Creating the firewall
We need a firewall to allow UDP traffic to nodes tagged as game-server
via ports 7000-8000. These firewall rules apply to cluster nodes you will create in the
next section.
gcloud compute firewall-rules create game-server-firewall \
--allow udp:7000-8000 \
--target-tags game-server \
--description "Firewall to allow game server udp traffic"
Creating the cluster
Create a GKE cluster in which you’ll install Agones. You can use GKE Standard mode or GKE Autopilot mode (Alpha).
Create a Standard mode cluster for Agones
gcloud container clusters create [CLUSTER_NAME] --cluster-version=1.24 \
--tags=game-server \
--scopes=gke-default \
--num-nodes=4 \
--no-enable-autoupgrade \
--enable-image-streaming \
--machine-type=e2-standard-4
Note
If you’re creating a cluster to run Windows game servers, you need to add the--enable-ip-alias
flag to create the cluster with Alias IP ranges instead of routes-based networking.
Flag explanations:
- cluster-version: Agones requires a supported Kubernetes version.
- tags: Defines the tags that will be attached to new nodes in the cluster. This is to grant access through ports via the firewall created in the next step.
- scopes: Defines the Oauth scopes required by the nodes.
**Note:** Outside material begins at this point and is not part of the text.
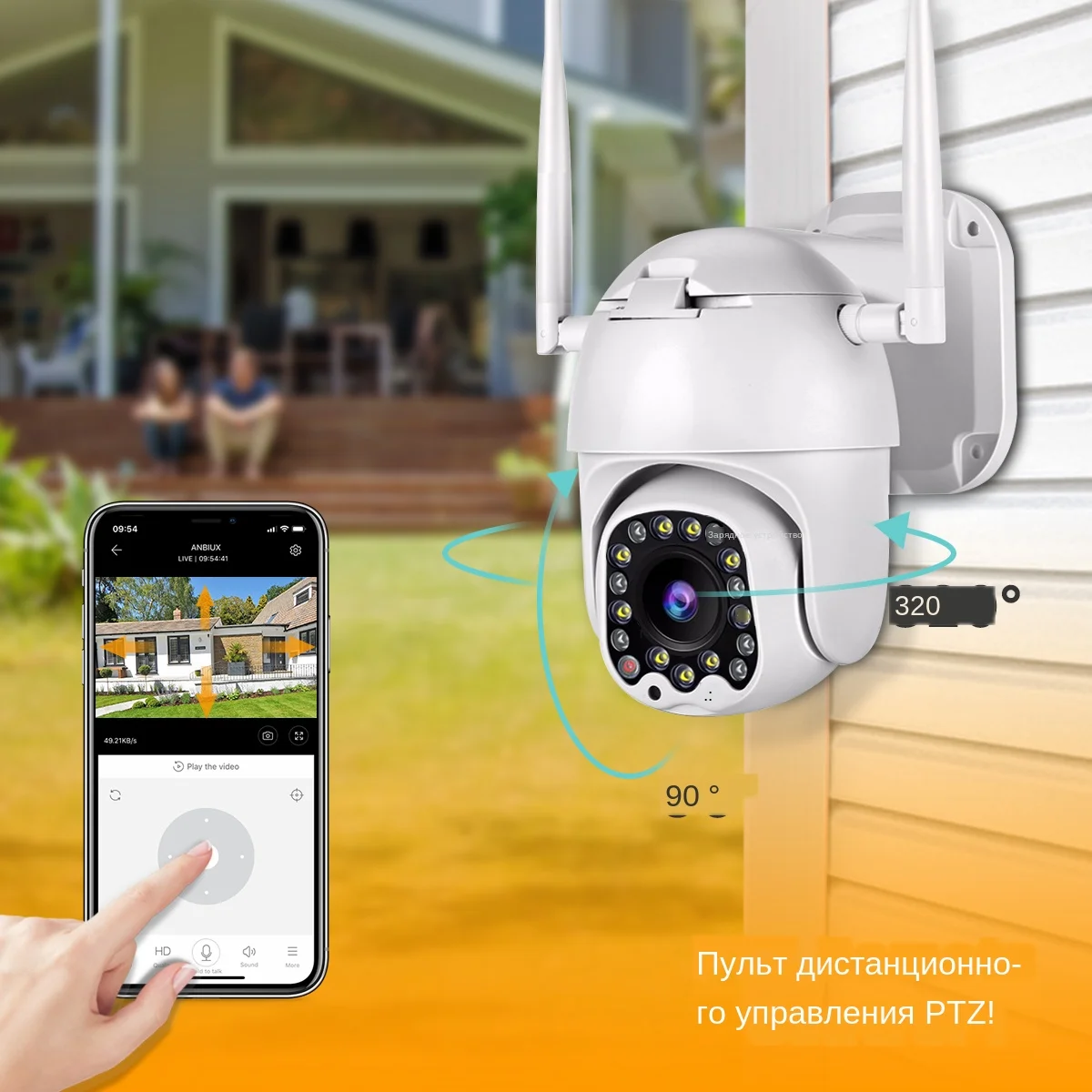 320 ° PTZ панорамирование/наклон вращение по вертикали 90 ° может контролировать угол поворота через приложение YCC365 Plus.
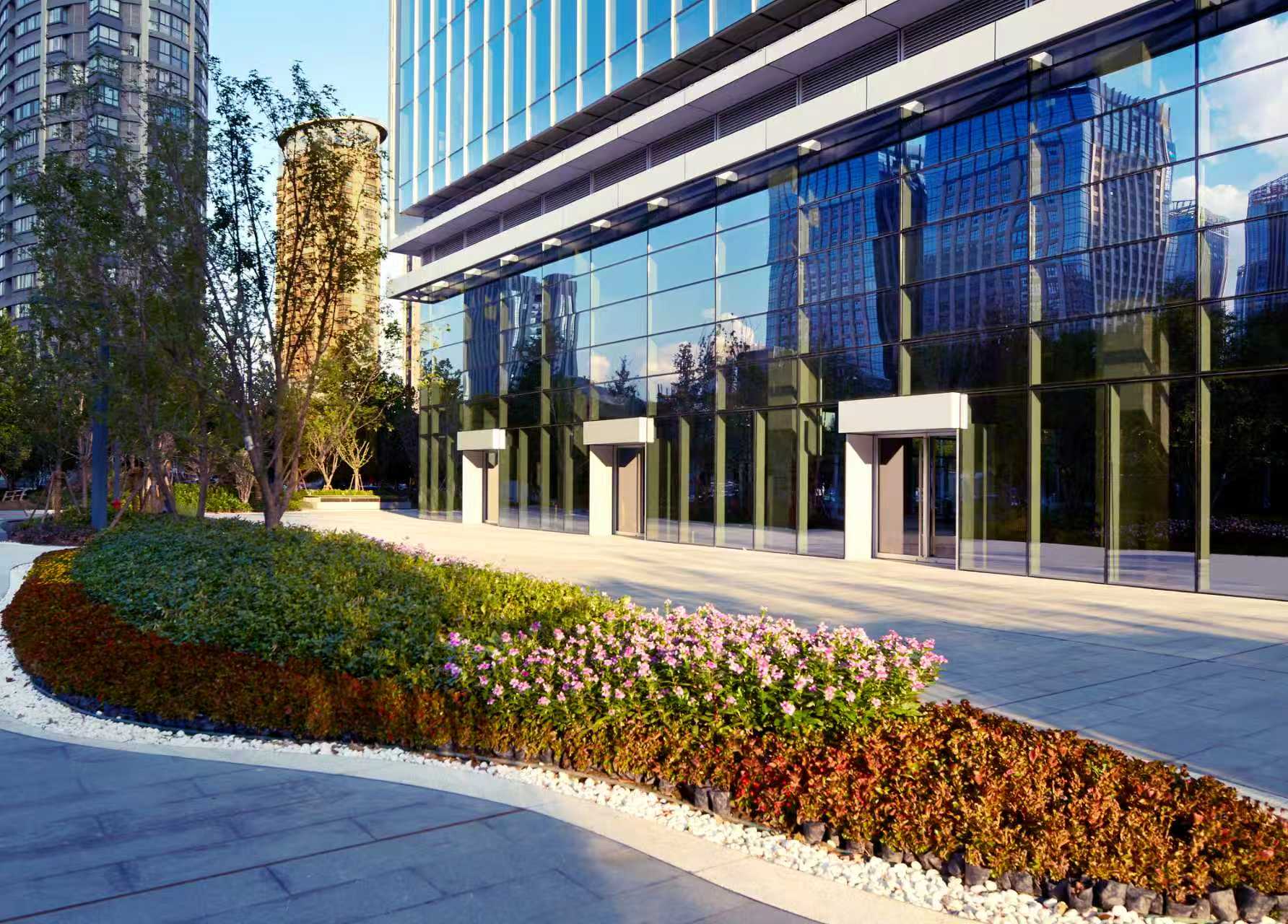 大楼的北入口外是永利特有的楼宇自建绿化空间,高低错落的观赏树木、精心打理的草坪与水系、舒适的座椅,共同造就了一方“世外桃源”,休闲其间,仿佛置身于“花园城市”,30%的绿化覆盖率,恰似永利国际金融中心对所有入驻者最长情的告白。

- num-nodes: The number of nodes to be created in each of the cluster’s zones. Default: 4. Depending on the needs of your game, this parameter should be adjusted.
- no-enable-autoupgrade: Disable automatic upgrades for nodes to reduce the likelihood of in-use games being disrupted.
- enable-image-streaming: Use Image streaming to pull container images, which leads to significant improvements in initialization times. Limitations apply to enable this feature.
- machine-type: The type of machine to use for nodes. Default: e2-standard-4. Depending on the needs of your game, you may wish to have smaller or larger machines.
(Optional) Creating a dedicated node pool
Create a dedicated node pool for the Agones resources to be installed in. If you skip this step, the Agones controllers will share the default node pool with your game servers, which is fine for experimentation but not recommended for a production deployment.
gcloud container node-pools create agones-system \
--cluster=[CLUSTER_NAME] \
--no-enable-autoupgrade \
--node-taints agones.dev/agones-system=true:NoExecute \
--node-labels agones.dev/agones-system=true \
--num-nodes=1
where [CLUSTER_NAME] is the name of the cluster you created.
(Optional) Creating a metrics node pool
Create a node pool for Metrics if you want to monitor the Agones system using Prometheus with Grafana or Cloud Logging and Monitoring.
gcloud container node-pools create agones-metrics \
--cluster=[CLUSTER_NAME] \
--no-enable-autoupgrade \
--node-taints agones.dev/agones-metrics=true:NoExecute \
--node-labels agones.dev/agones-metrics=true \
--num-nodes=1
Flag explanations:
- cluster: The name of your existing cluster in which the node pool is created.
- no-enable-autoupgrade: Disable automatic upgrades for nodes to reduce the likelihood of in-use games being disrupted.
- node-taints: The Kubernetes taints to automatically apply to nodes in this node pool.
- node-labels: The Kubernetes labels to automatically apply to nodes in this node pool.
- num-nodes: The Agones system controllers only require a single node of capacity to run. For faster recovery time in the event of a node failure, you can increase the size to 2.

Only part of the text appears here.